## Accessing Data: the Python Way

In this part, we cover two data access methods

1. Loading data from disk

2. Loading data from a Web resource (URL)

We will also learn how to *guess* the file format by inspecting the *metadata*  and *the content* of the retrieved data.

## Python3: Opening and Closing data streams

The typical steps involved in consuming data are:
1. Open a stream to read the data ( either from file or HTTP)

2. Consume the content (e.g. loading the whole content or parts of it)

3. Closing the stream to free up resources:

  * files: allow other processes to access the file (Exception *File used by another programm*)

  * HTTP: closing a stream allows to reuse connections


## Python3: Automatically Closing data streams

The **with** statement s used to wrap the execution of a block with methods defined by a context manager.
This allows common try...except...finally usage patterns to be encapsulated for convenient reuse.

Typical use-case : automatically ensure that streams are closed.

Other use cases: timing of functions, printing of logs at the end of  a call,

        with COMMAND as C:
          #work with C


## Loading files from disk

 Given that a file is stored on the local machine, we can access the file and inspect or load its content.

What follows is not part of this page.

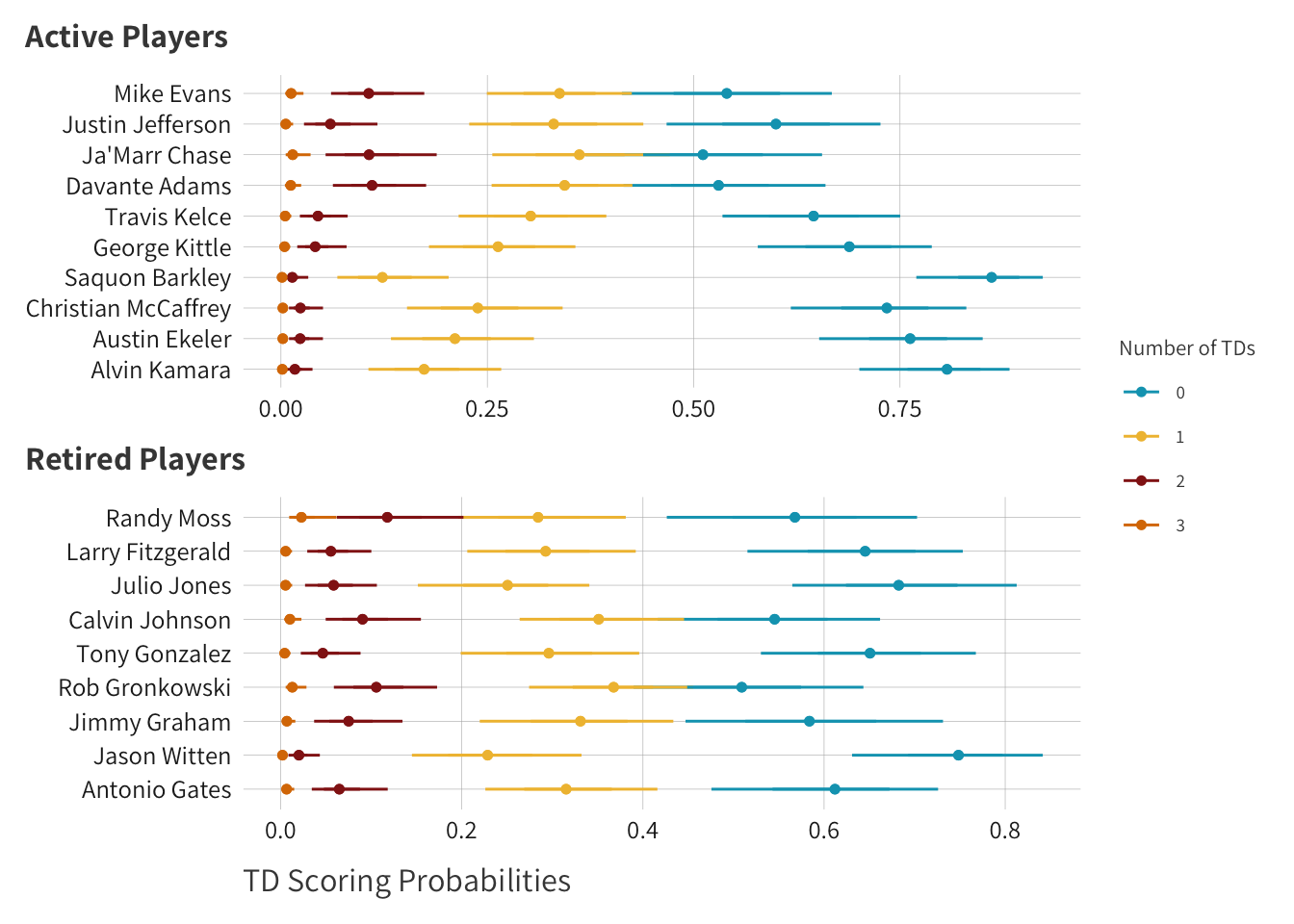 I love watching football and learning about football, with most of my working time spent listening to various NFL podcasts and the Learning Bayesian Stats podcast.1 For the last few years, I have had an inherent fascination with Bayesian stats. One of the great things about Bayesian stats is that we can talk about uncertainty in a more intuitive way, and because of the mechanics of using Bayesian models, we can get some awesome-looking plots.2 So combining these two interests would make for an interesting blog post.

 There are typically two ways to read the content of a file:

1. Load the whole content of the file and store it in a variable for further processing

2. Read the file line by line (e.g., if files are large)

See also Chapter 7.2 in the [Python3 tutorial](https://docs.python.org/3/tutorial/inputoutput.html#reading-and-writing-files)

## File location

We need the location of the file on disk to load its content.

An **absolute file path** points to the same location in a file system, regardless of the current working directory. To do that, it must include the root directory.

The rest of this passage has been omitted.